THE RECORDS Start Marker
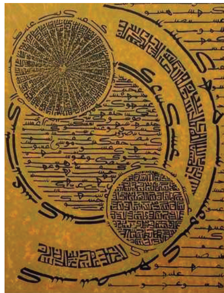
تصویر ۲. حسین زنده‌رودی، رودی، ۱۳۵۰، رنگ و روغن روی بوم، ۵۵ در ۷۷ سانتی‌متر، (URL 1 ).
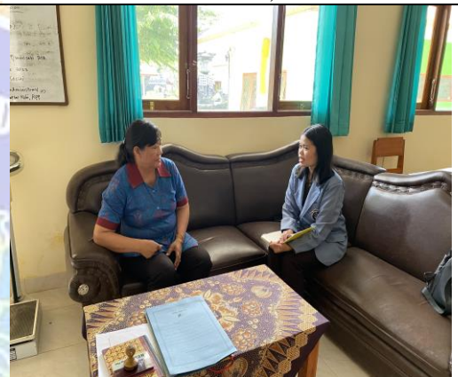
(Pelaksanaan observasi di SD Negeri 4 Bebetin)
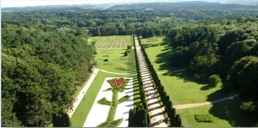
Национальный парк «Кисловодский»

В Ставропольском крае находится 41 заказник, 66 памятников природы, 1 национальный парк.
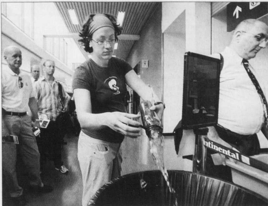
Une passagère est obligée de vider sa bouteille d'eau avant de franchir un point de contrôle de sécurité, hier, à l'aéroport international Logan de Boston.

On peut le constater: les statistiques sont faussées dès lors que terrorisme national et international sont confondus. De même, la différence entre les chiffres de 2003 et 2004 s'explique par les attentats qui se sont produits en Irak: tout près de 200 en 2004, soit le tiers du total de l'année et neuf fois plus qu'en 2003. Voilà
THE RECORDS End Marker
**YOUR GOAL:** Would you please copy all lines in the data that contain the word "парк"?

**SOLUTION TO THIS EXERCISE:**
Национальный парк «Кисловодский»
В Ставропольском крае находится 41 заказник, 66 памятников природы, 1 национальный парк.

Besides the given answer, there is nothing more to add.